AIM OF THE EXERCISE. Return all of the data exactly, with nothing left out but the pictures.

DATASET EXCERPT.
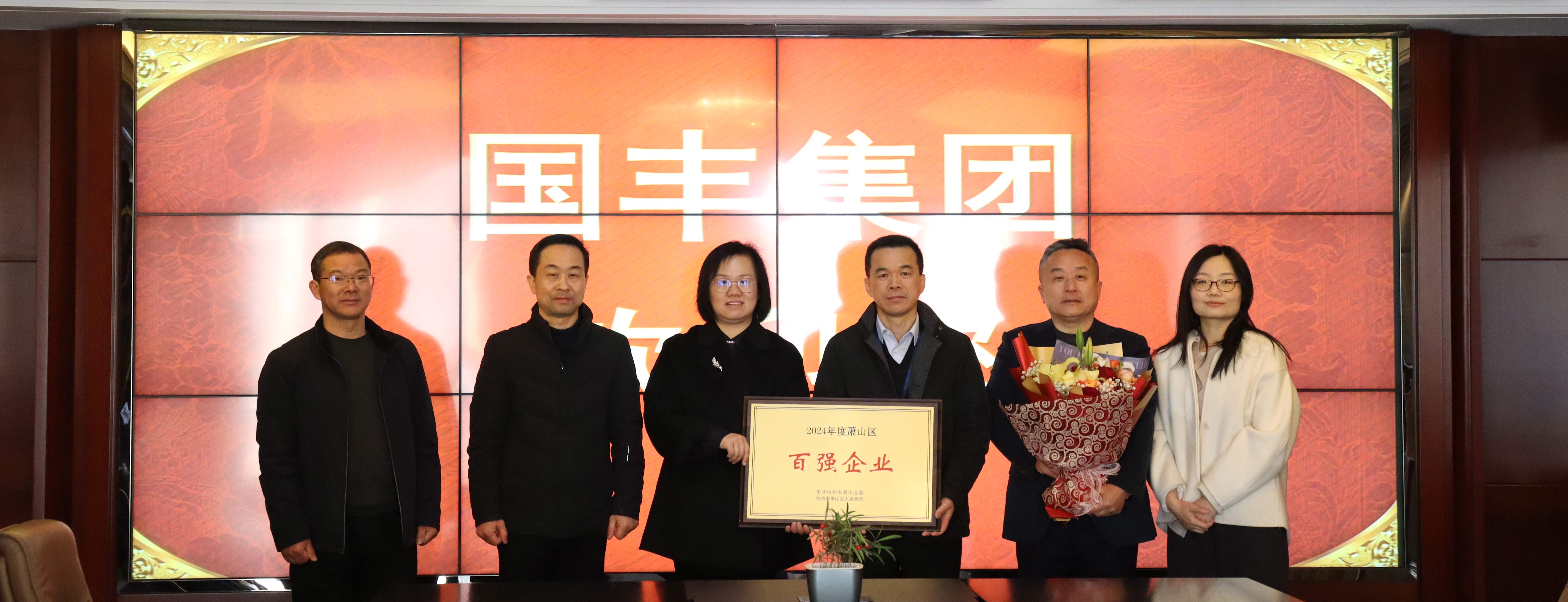 區(qū)住建局領(lǐng)導(dǎo)走訪國豐集團 頒發(fā)“蕭山區(qū)百強企業(yè)”獎牌
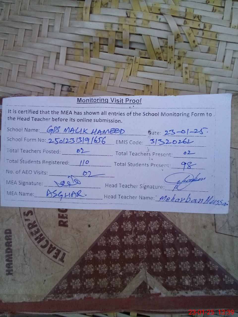 | EMIS Code: 31320262 | Name of School: GPS MALIK HAMEED | |||
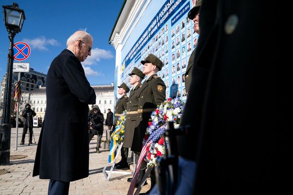 ウクライナの首都キーウを電撃訪問した米国のジョー・バイデン大統領(2023年2月20日、写真:代表撮影/ロイター/アフロ)
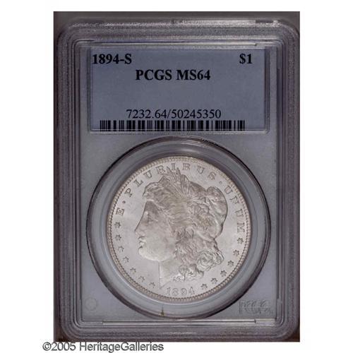 <B>1894-S<S$1> MS64 PCGS.</B></I> This near Gem S-Mint is virtually untoned on the obverse, while the reverse shows a thin veneer of faint champagne, ice-blue, and rose coloration. The design features are well impressed, though the hair over Liberty's ear is a trifle soft. A few minute marks on Liberty's cheek and in the fields of both sides limits the grade.

WORKED SOLUTION.
 區(qū)住建局領(lǐng)導(dǎo)走訪國豐集團 頒發(fā)“蕭山區(qū)百強企業(yè)”獎牌
 | EMIS Code: 31320262 | Name of School: GPS MALIK HAMEED | |||
 ウクライナの首都キーウを電撃訪問した米国のジョー・バイデン大統領(2023年2月20日、写真:代表撮影/ロイター/アフロ)
 <B>1894-S<S$1> MS64 PCGS.</B></I> This near Gem S-Mint is virtually untoned on the obverse, while the reverse shows a thin veneer of faint champagne, ice-blue, and rose coloration. The design features are well impressed, though the hair over Liberty's ear is a trifle soft. A few minute marks on Liberty's cheek and in the fields of both sides limits the grade.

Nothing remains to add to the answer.